Correlation Between National Storage and Grupo Carso
Can any of the company-specific risk be diversified away by investing in both National Storage and Grupo Carso at the same time? Although using a correlation coefficient on its own may not help to predict future stock returns, this module helps to understand the diversifiable risk of combining National Storage and Grupo Carso into the same portfolio, which is an essential part of the fundamental portfolio management process.
By analyzing existing cross correlation between National Storage Affiliates and Grupo Carso SAB, you can compare the effects of market volatilities on National Storage and Grupo Carso and check how they will diversify away market risk if combined in the same portfolio for a given time horizon. You can also utilize pair trading strategies of matching a long position in National Storage with a short position of Grupo Carso. Check out your portfolio center. Please also check ongoing floating volatility patterns of National Storage and Grupo Carso.
Diversification Opportunities for National Storage and Grupo Carso
0.05 | Correlation Coefficient |
Significant diversification
The 3 months correlation between National and Grupo is 0.05. Overlapping area represents the amount of risk that can be diversified away by holding National Storage Affiliates and Grupo Carso SAB in the same portfolio, assuming nothing else is changed. The correlation between historical prices or returns on Grupo Carso SAB and National Storage is a relative statistical measure of the degree to which these equity instruments tend to move together. The correlation coefficient measures the extent to which returns on National Storage Affiliates are associated (or correlated) with Grupo Carso. Values of the correlation coefficient range from -1 to +1, where. The correlation of zero (0) is possible when the price movement of Grupo Carso SAB has no effect on the direction of National Storage i.e., National Storage and Grupo Carso go up and down completely randomly.

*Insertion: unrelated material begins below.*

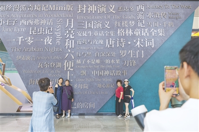 7月25日,参观者在第三十三届全国图书交易博览会现场拍照。 当日,由国家新闻出版署主办、重庆市人民政府承办的第三十三届全国图书交易博览会(下称“书博会”)在重庆开幕,线上线下汇集精品图书上百万种,其中新书约10万种。本届书博会以“书香中国 阅读之美”为主题,主会场设在重庆国际博览中心,同时在重庆市南岸区、大足区设分会场。展会期间,来自全国各省区市的1000多家出版印刷发行单位参展,推送优质出版内容,推动读者、作者深度互动,营造全社会爱读书、读好书、善读书的浓厚氛围。据悉,本届书博会将持续至7月28日,面向读者免费开放。 (新华社记者 陈诚 摄)

Pair Corralation between National Storage and Grupo Carso
Assuming the 90 days horizon National Storage Affiliates is expected to under-perform the Grupo Carso. But the stock apears to be less risky and, when comparing its historical volatility, National Storage Affiliates is 1.65 times less risky than Grupo Carso. The stock trades about -0.07 of its potential returns per unit of risk. The Grupo Carso SAB is currently generating about 0.02 of returns per unit of risk over similar time horizon. If you would invest 530.00 in Grupo Carso SAB on September 17, 2024 and sell it today you would earn a total of 10.00 from holding Grupo Carso SAB or generate 1.89% return on investment over 90 days.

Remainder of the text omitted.